The main problem is in the use of the classic FPS control scheme, which, especially while turning, can cause vestibular nastiness for even seasoned VR users. I’ve played a few experiences like this, and while I find they’re never lovely, this one seems to be particularly bad. This is a rare title which I can say definitely gave me motion sickness, and limited my play time to 30-45 minute sessions over several days. Standing and using my body to turn instead of the controller was a big improvement, but is a tiring compromise. A snap or comfort turning mode would be appreciated, at least.
The mechanic for note reading is absolutely awful as well, and it’s clear that it did not receive “VR polish”. Whenever you pick up a note, it gets plastered to the camera view – your face – in a fixed position which moves with your head. This is extremely uncomfortable, and even more the position and text was far from ideal for reading in the DK2. I feel like I may have missed a few jokes or some understanding of the world simply because I could not make out all of the notes, and I couldn’t stand having them displayed for more than a few of seconds.
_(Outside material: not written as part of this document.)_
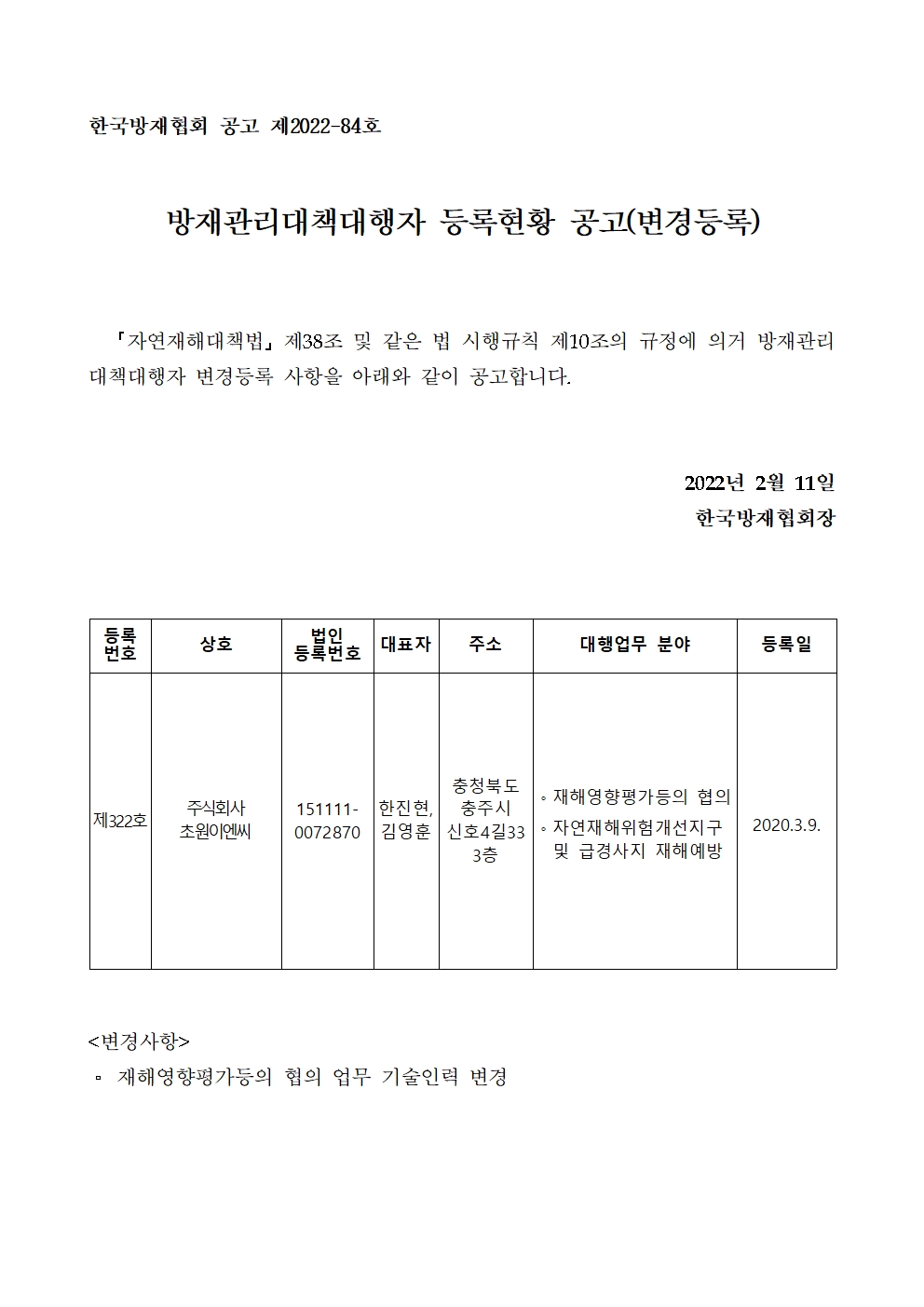 방재관리대책대행자 등록현황 공고(변경등록) - 주식회사 초원이엔씨 2022-02-11 공고문_제2022-84호_방재대행자 등록현황 공고(변경)_주식회사 초원이앤씨.pdf (60601K) 목록보기 이전글방재관리대책대행자 등록현황 공고(변경등록) - 주식회사 초원이엔씨2022.02.11 다음글방재관리대책대행자 등록현황 공고(변경등록) - (주)반석이앤씨2022.02.10

Those negatives said it is also obvious why Oculus allowed Albino Lullaby to be a launch title; VR adds intensity, immersion and a clear benefit to this otherwise simple and dry game. The grandchildren are actually very imposing up close and personal. They’re much bigger than you and they’ll swarm with a moment’s notice. Turning a corner to meet one face to face quite literally made my heart skip and forced out a yelp. No intentional jump scares, it would seem. That the game has no real weapons adds to the imposition, as your only real choice in any situation is to run away from the grey sausage-folk.
This episode has a playtime that seems to be around 3-5 hours, and so in a VR world currently full of short experiments and 10 minute demos it’s a breath of fresh air to find a game with some substance. Even if that air is filled with bat farts.
Albino Lullaby is an episodic story-driven game, this being the first of three installments, with the remaining two slated to release sometime later this year. While I approached this strange looking game almost expecting to be put off, or at least not to be very impressed, I’m now excited to continue the story in my Rift. We’re all waiting for you, grandmother!